И опять потекли скучные дни борисовской осады, пока воевода Хлопов не сдался на милость Сапеги. Отряд его вышел из города, им дали двое саней с харчами и отпустили, понимая, что половина этих голодных, изможденных стрельцов погибнет по дороге...
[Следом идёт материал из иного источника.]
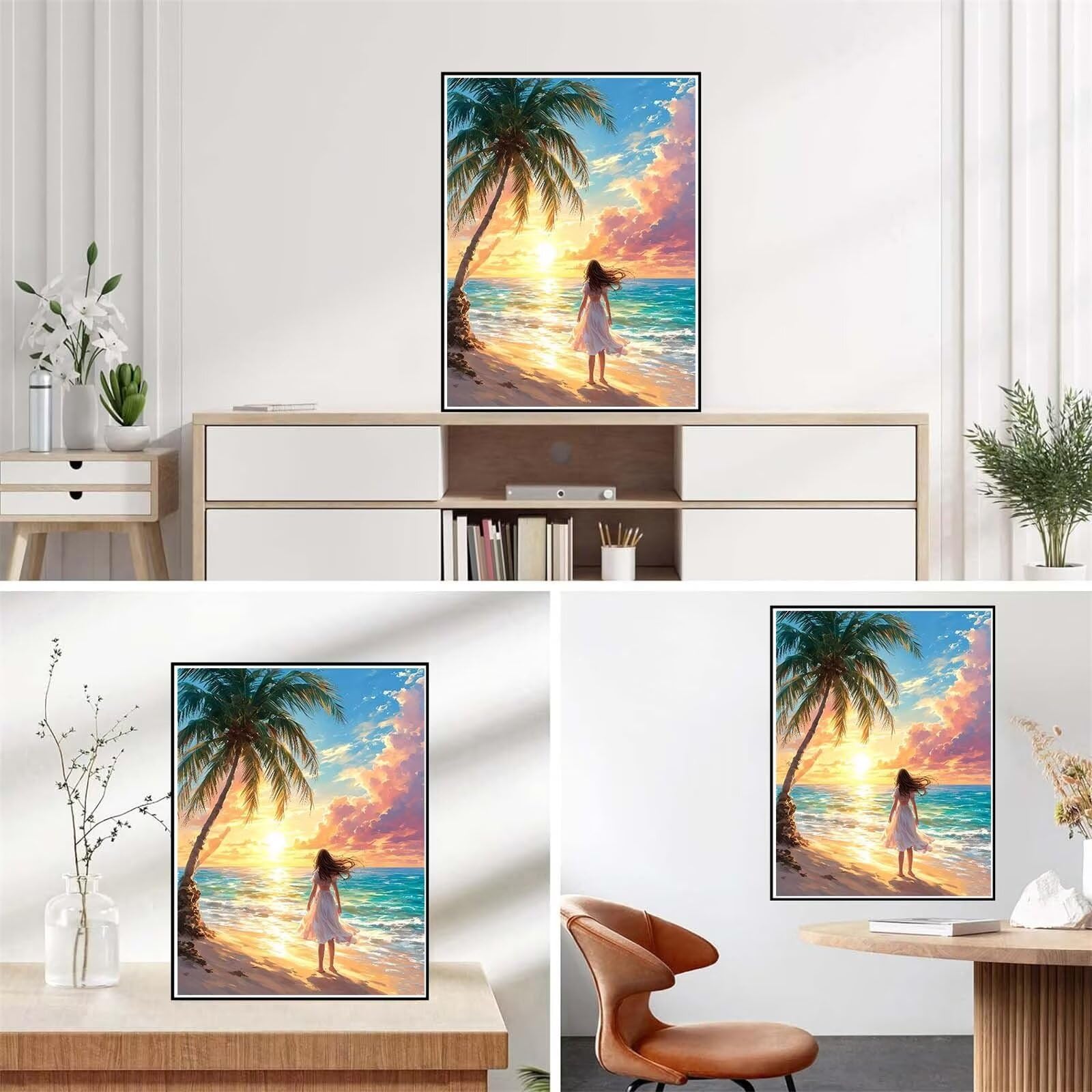 Wow, dieses Diamant Painting Set ist ja mal richtig schön! Das Motiv zeigt traumhafte Kokosnussbäume am Meer - einfach perfekt für ästhetische Raumdekoration. Mit 40x80cm Größe hast du richtig was zu tun! 5D-Diamanten sorgen für mega viel Glanz und Tiefe. Im Set ist alles dabei: HD-Leinwand mit Klebefläche, Strass-Perlen in allen Farben, Diamant-Stift, Wachs, Sortierschale und sogar 15-30% extra Diamanten falls mal was daneben geht. Einfach die Folie stückweise abziehen und die Diamant-Perlen nach der Symboltabelle aufkleben - so einfach kann Kunst sein! Perfekt für Erwachsene und größere Kinder (Achtung: Nicht für kleine Kinder, Verschluckungsgefahr!). Macht total Spaß und entspannt unheimlich. Wenn du fertig bist, hast du ein wunderschönes Bild für dein Zuhause - ob Wohnzimmer, Schlafzimmer oder Büro. Einfach aufhängen und staunen!

Из Борисова пошли к Минску и здесь простояли остаток зимы и весеннюю распутицу. Близок был Игумен. Подмывало пана Юрия съездить в Метлы, обручиться с Еленкой, свадьба мерещилась ему, снилась неистовая брачная ночь... Но как ехать, не заезжая к отцу? У тех же Метельских мог столкнуть случай - и что тогда? Может, отец уже рассказал соседям, каков у него сын... Но едва ли, едва ли рассказывал - не просто ему назвать вслух шептунью дочерью и признаваться в грехе напрасной казни. Да все может быть... Пан Юрий досадовал на отца, что узнал правду, и пропитывался злобой к Стасю. Хоть он и говорил себе, что простил Стася и будет рад встретить его, обнять, услышать его голос, в иные минуты пронизывала его обжигающая боль ненависти, иногда полные вечера проходили в мучительной бессильной злобе. Чувствовал, пан Юрий, что будь тайна при нем, уже привык бы он к своей грешности и нес свой грех всю жизнь без искушающих мучений... Уже и по просеке проехал бы он без страха, и на папоротниковой поляне смог бы сказать покаянную молитву, и отстоял бы на коленях у Эвкиной могилы, шепча незатейливую ложь: "Прости, сестра. Прости злую братнюю руку. Твоя оказалась правда, и твой верх - слаб я. Стонет моя душа, обо всем жалею..." Но Стась закрыл ему путь в Дымы и к Метельским, а еще точила пана Юрия обида на Стася, что наглухо замолк, сбежал, исчез, словно не было их дружбы, словно не прошли вместе столько дорог и боев. Ну, сбежал, ладно, стыд и страх погнали, размышлял пан Юрий, но потом, потом мог бы переслать письмо, не отсохла бы рука написать: "Винюсь, прости!" Жизнь длинная, думал Юрий, встретимся, сведет судьба, пусть хоть десять лет пройдет, каково ему будет в глаза товарищу посмотреть? Затаился в новом владении, будто и нет его, и меня нет... Эх, что же тогда дружба, если наша клятвенная братская дружба сломалась!.. Но не через десять лет, а в яркие майские дни встретил Юрий приятеля.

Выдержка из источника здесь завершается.